Similarly, to determine a number, you can write it as follows:
if('0' <= c && c <= '9') ......
To identify the blank space, you can write the code:
if(c == ' ' || c == '\t' || c == '\n') ......
But the problem arises, and we will soon get tired of the Code being filled with judgment statements like this, And the easiest way to think about it is to introduce functions to replace these judgment statements, the following code is displayed:
if(isalpha(c)) ...if(isdigit(c)) ...if(isspace(c)) ...
It seems that the problem has been solved, but considering that a typical text processing program calls such a function three times on average for each character in the input stream, the execution efficiency of the program will be seriously affected.
So we thought of further improvements and considered using macros to replace these functions,
#define isdigit(x) ((x) >= '0' && (x) <= '9')
This causes problems, such as macro parameters.x
Has side effects. For example, if you callisdigit(x++)
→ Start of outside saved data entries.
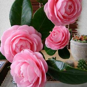 実家から もらってきた椿 🌼 バラの花のような椿 毎年 咲くのが楽しみです (*^^*)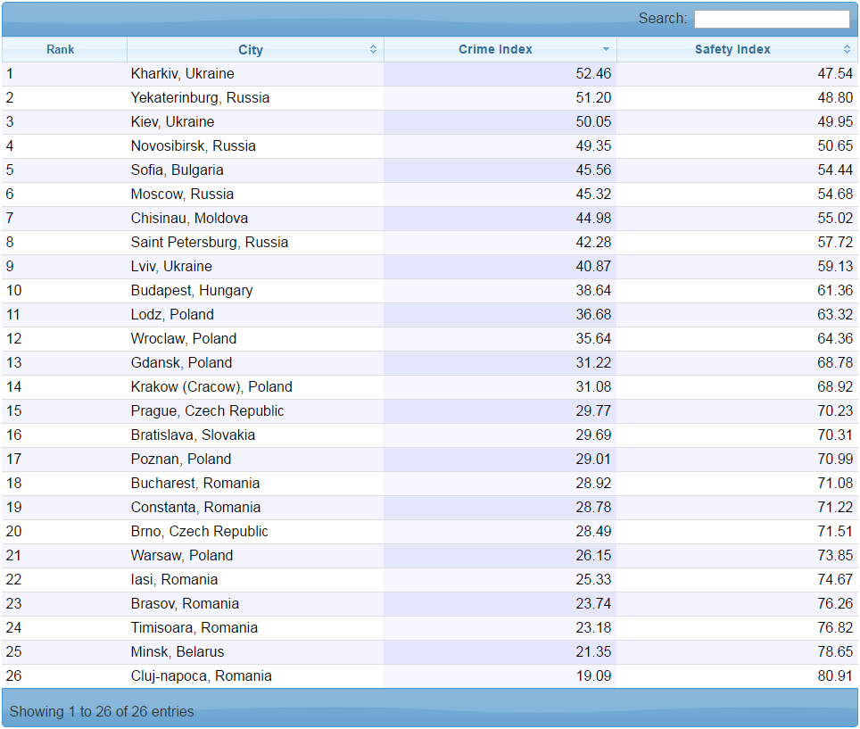 Согласно рейтингу всемирной базы данных Numbeo, самым опасным городом Восточной Европы признан Харьков, уровень преступности в котором серьезно превысил средние показатели по Восточной Европе, передает РБК-Украина.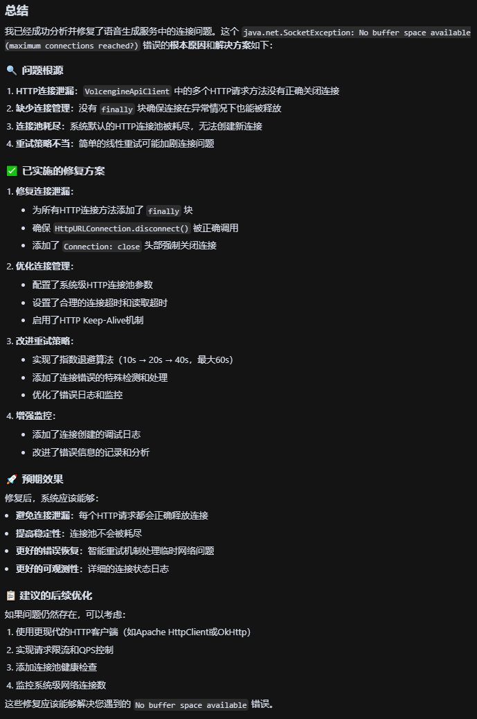 在调用外部 api 的时候,我会尝试让 cusor 给我写一个调用外部 api 的方法。需求很简单,写的也很快,然后很快也就调通了。但是当它一直运行一直运行直到某一次我修改逻辑重启服务的时候,我看到了 no buffer space avaliable, maxinum connections reached 的报错。一脸懵逼。。。。。然后查了一下,发现它的实现方式是每次请求来了之后创建一个 http client,然后去调用,然后没有正确的去关闭连接。最后就出现了这样的内存泄漏。最后让它自己修复了一下。从这个问题其实可以看出,虽然我们清晰的描述了它的功能需求,但是对于一些非功能性的实现 ai coding 工具还是可能会出错。从解决方案上来看,我们和工具交互时不仅要清晰的描述功能,还可能需要在某些时候加上一些非功能性的约束(比如一些时候让它实现单例而非每次都创建新的实例)。

Orisdigit(run_some_program())
, Maybe not very obvious,isdigit
Is evaluated twice. Earlier versions of Linux use this method that may lead to mistakes. This article will not repeat the disadvantages of macros.
To ensure security and compact code, one or more macro sets of conversion tables are used for further improvement. Each macro has the following form:
#define _XXXMASK 0x...#define isXXX(c) (_Ctytable[c] & _XXXMASK)
Character c is compiled into the index of the conversion table named "_ Ctytable". Different characters of each table item are characterized by index characters. If any bit corresponding to mask _ XXXXMASK is set, the character will be expanded into a compact non-zero expression for all correct parameters in the test class.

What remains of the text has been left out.